She spoke carelessly, and we took the incident as little to heart. Passing through the hall, awhile later, I espied my maid Ellen, who had lived with me for five years, whispering with a mulatto woman in a corner. They fell apart at seeing me, and Ellen followed me to the sitting-room.

“Rhoda was saying that the colored people think what happened last night was a warnin’,” she observed, with affected lightness. “They are awful superstitious, ma’am, ain’t they?”

“Very superstitious and very ignorant!” I returned, severely.

The trifling episode was gone, like a vapor passing from a mirror, before my brother Herbert appeared. He had arisen at daybreak, driven to Petersburg, and taken there the train to Richmond, arriving by nine o’clock.

At the same hour our father reached his office. I have heard the story of his walk down-town so minutely described that I can trace each step. It was more than a mile from his house to the office. There were no street-cars or omnibuses in the city, at that time. Sometimes he drove to his place of business; sometimes he rode on horseback. Generally, he chose to walk. He was a fine horseman and a fearless driver, from his youth up. At sixty-eight he carried himself as erect as at thirty, and made less of tramping miles in all weathers than men of half his age thought of pacing a dozen squares on a sunny day. As he had reminded his wife, in excusing his hurried breakfast, there were errands, many and important, to be looked after. He stopped at Pizzini’s, the noted confectioner of the town, to interview that dignitary in person, anent a cake of noble proportions and brave with ornate icing—Christmas fruit-cake—of Pizzini’s own composition, for which the order was given a week ago. To the man of sweets he said that nothing must hinder the delivery of the cake beyond that evening.

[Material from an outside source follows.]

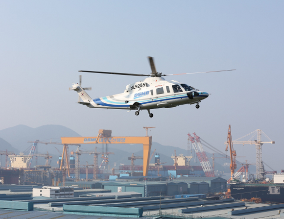 ▲대우조선해양이 지난달 30일 매각한 헬기 시코스키 비행 모습. (사진제공=대우조선해양)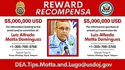 On 30 September 2020, the Drug Enforcement Administration (DEA) published a poster on its Twitter account offering up to US$5 million for information that could lead to the capture of Motta Domínguez.

“We are planning a royal, old-fashioned family Christmas,” he subjoined, “and there must be no disappointments.”

The evergreens were ordered as stringently. Two cart-loads, as he had said, and two more Christmas-trees, in case one was not satisfactory. “There must be no disappointments.”

Not far from Pizzini’s he met Doctor Haxall, also “Christmasing.” The two silver-haired men shook hands, standing in the damp snow on the corner, and exchanged the compliments of the season.

“What has come to you?” queried the doctor, eying his friend curiously. “You are renewing your youth. You have the color, the step, and the eyes of a boy!”